> [Exercise directions]: Beneath this task are records; print exactly the stretch of them from the line with "smooth surface. |" through the line with "一般分节符号分章节 如果要从奇数页下一章节则选中分节符奇数页。", both ends included.

> [Listed records]:

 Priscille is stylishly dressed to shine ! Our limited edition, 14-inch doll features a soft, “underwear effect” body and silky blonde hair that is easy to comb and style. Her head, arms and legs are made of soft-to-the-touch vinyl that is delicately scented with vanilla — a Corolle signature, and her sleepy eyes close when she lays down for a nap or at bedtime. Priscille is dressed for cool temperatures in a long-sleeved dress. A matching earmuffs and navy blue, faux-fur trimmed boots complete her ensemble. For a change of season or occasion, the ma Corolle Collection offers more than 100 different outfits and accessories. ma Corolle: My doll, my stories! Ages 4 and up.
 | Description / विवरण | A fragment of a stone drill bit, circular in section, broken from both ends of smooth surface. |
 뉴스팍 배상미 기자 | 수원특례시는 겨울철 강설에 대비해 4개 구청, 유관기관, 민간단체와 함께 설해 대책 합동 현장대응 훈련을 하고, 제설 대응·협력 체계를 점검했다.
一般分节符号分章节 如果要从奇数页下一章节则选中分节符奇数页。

--

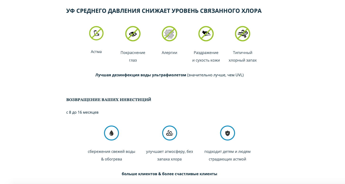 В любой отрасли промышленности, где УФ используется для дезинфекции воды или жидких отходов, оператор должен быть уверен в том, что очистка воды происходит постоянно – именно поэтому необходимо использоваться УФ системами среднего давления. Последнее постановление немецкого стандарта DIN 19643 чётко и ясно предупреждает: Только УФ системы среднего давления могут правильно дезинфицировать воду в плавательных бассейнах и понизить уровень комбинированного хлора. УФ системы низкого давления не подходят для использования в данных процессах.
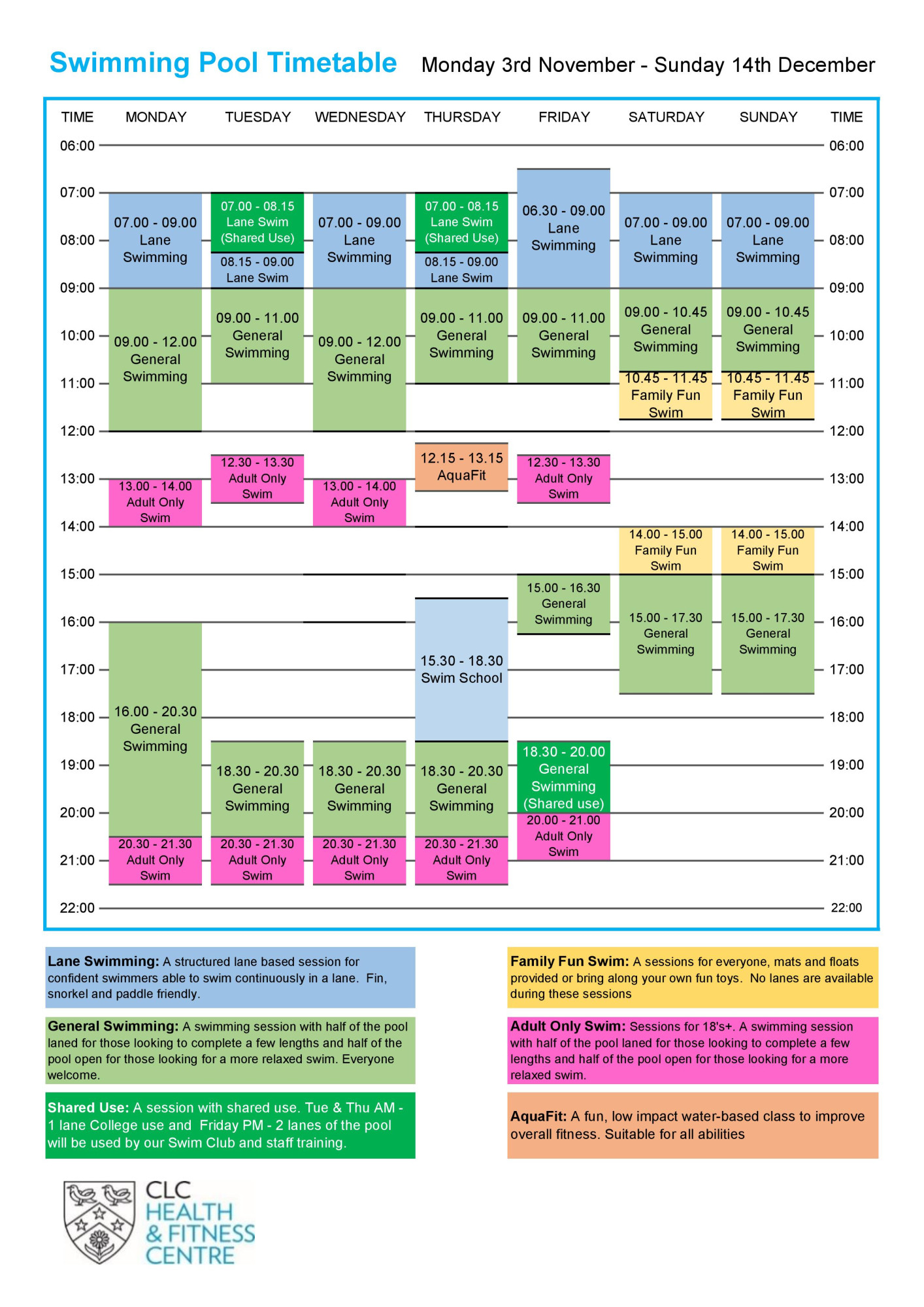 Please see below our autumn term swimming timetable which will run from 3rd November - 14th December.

> [Written answer]:
 | Description / विवरण | A fragment of a stone drill bit, circular in section, broken from both ends of smooth surface. |
 뉴스팍 배상미 기자 | 수원특례시는 겨울철 강설에 대비해 4개 구청, 유관기관, 민간단체와 함께 설해 대책 합동 현장대응 훈련을 하고, 제설 대응·협력 체계를 점검했다.
一般分节符号分章节 如果要从奇数页下一章节则选中分节符奇数页。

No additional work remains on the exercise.